You might think you know a lot about the U.S. Under-20 Men's National Team. You might know the final 18-player roster that will compete in the CONCACAF Qualifying Tournament, you might know when their training schedule is and you might even know their record over the past year. But what you probably don't know is that Tim Ward has some odd sleeping habits and the players played a practical joke on a certain player with a snail in the locker room. Well, that's where midfielder Will John comes in. The Kansas native has decided to share some behind the scenes moments as they get set for qualifying, so read on and find out even more about the U-20s.

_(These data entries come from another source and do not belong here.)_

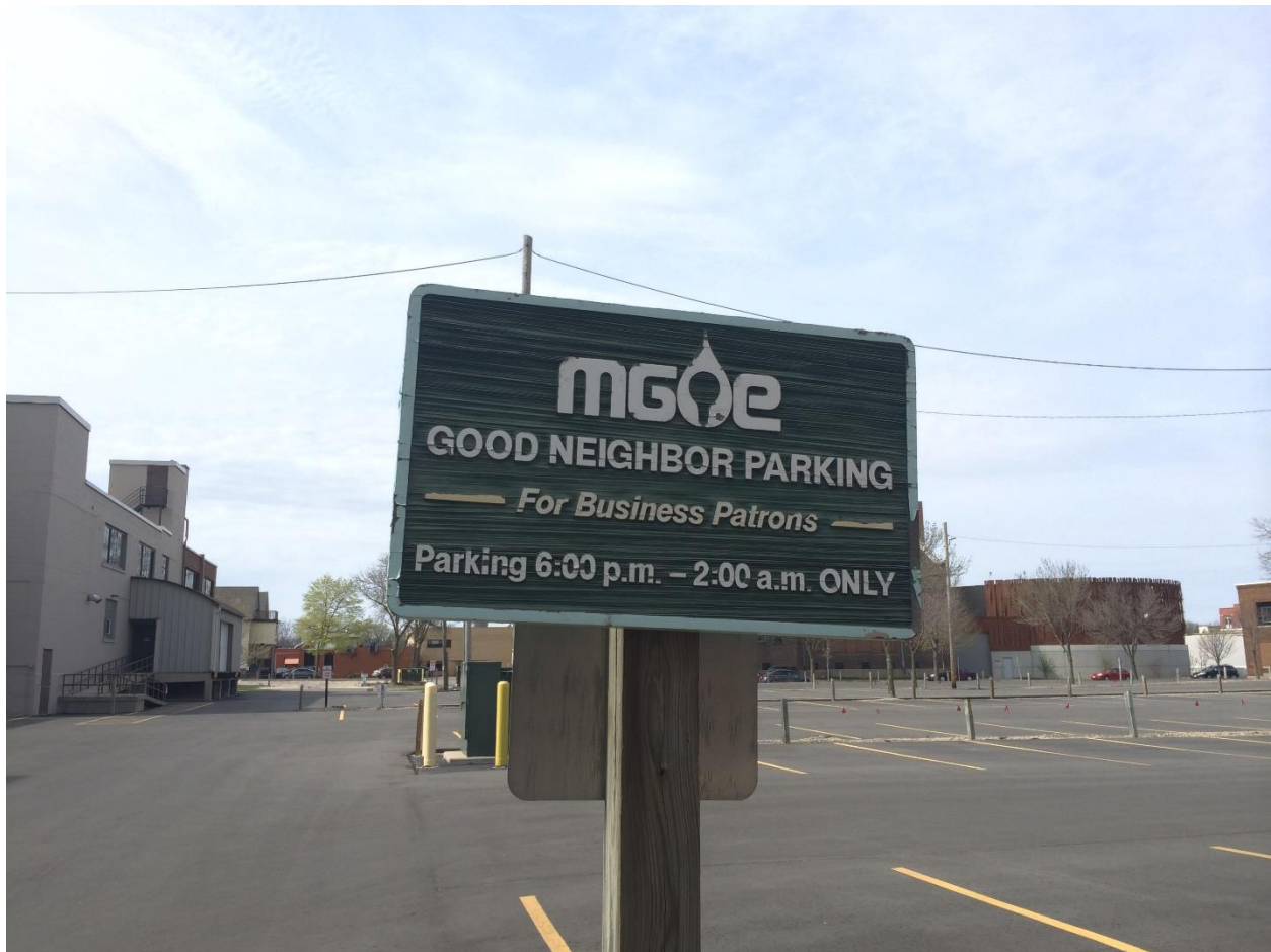
Figure 9. MG&E offers parking to its neighbors during limited hours. 46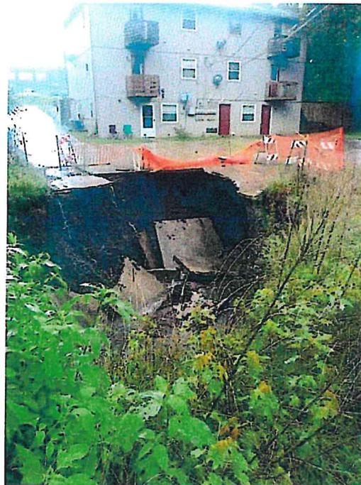
Sinkhole Near Apartments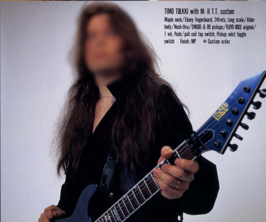
TIMO TOLKKI with M-II T.T. custom Maple neck/Ebony fingerboard, 24frets, Long scale/Alder body/Neck-thru/EMG85 & 89 pickups/LOYD ROSE original/ 1 vol, Push/pull coil tap switch, Pickup select toggle switch Finish:MP * Custom order

It’s been quite a camp so far. We’re just over the one-week mark and we’ve seen the sun once. The weather has absolutely not cooperated with our schedule. A constant downpour has forced us to even take practice into locker rooms one day and when we did to outside we had to play a practice game in standing water. It was the kind of game that took three kicks and all of your power just to get the ball to move five yards. Nevertheless, it’s what we needed to train in seeing that it’s quite possible we might encounter the same type of field conditions on Wednesday for our first match against Trinidad & Tobago.
My roommate Tim Ward and I have had a little trouble getting accustomed to the small time change. We wake up 2 hours before breakfast every morning hungry and with nothing to do but lay in bed.
I think I’ve got it a little worse than Tim does simply because never in my life have I seen someone more active in their sleep. Tim has managed to scream random phrases on three different occasions throw his sheets around like rag dolls and stand up in bed all while in a deep sleep. I was pretty terrified at first because he seems to think he possesses some sort of superpowers in his sleep, but when he wakes up he unfortunately has to come back to reality.
The locker room is of course full of the same excitement. Soccer-tennis is the main attraction. It’s a makeshift court made of athletic tape and two chairs but it does the job and it can get quite passionate at times. Hunter and Quentin are the former champions, but they were eventually brought down by the superstars Danny Szetela and me. That team held an unbelievable 10-0 record before falling to the team from the O.C. – Sasha Kljestan and Benny Feilhaber. Deciding the real champion is always under constant dispute, but I’m sure we will eventually get it solved. The team from the O.C seems to think that Orange County is God’s gift to earth because of the popular show. However, after a little rational discussion they calm down and stop talking about what they have dubbed the best place in the universe.
Usually, while we play we’ve got music blasting in the background. The locker room is actually just a chance for Freddy to DJ for a crowd. I enjoy most of the music he plays but it turns out a few of the guys don’t like his selection of rap or rap. Nevertheless, no one has really stepped up to put on some different music aside from Eddie Gaven. His small stint as DJ was short lived as his unbelievably hardcore rock disappointed the listeners.
Practical jokes are a constant occurrence here but the perpetrators always have a motive behind them. Upset about disputes over the real soccer-tennis champions, Benny and Sasha placed a live snail in my sock hoping that it would freak me out. Fortunately for me it just felt like a rock and I just shook it out of my sock. This didn’t stop the whole locker room from screaming and laughing and running around like children. I’m not worried though, practical jokes were a normal thing at college and I’m sure I’ll have no problem conjuring up a reply attack.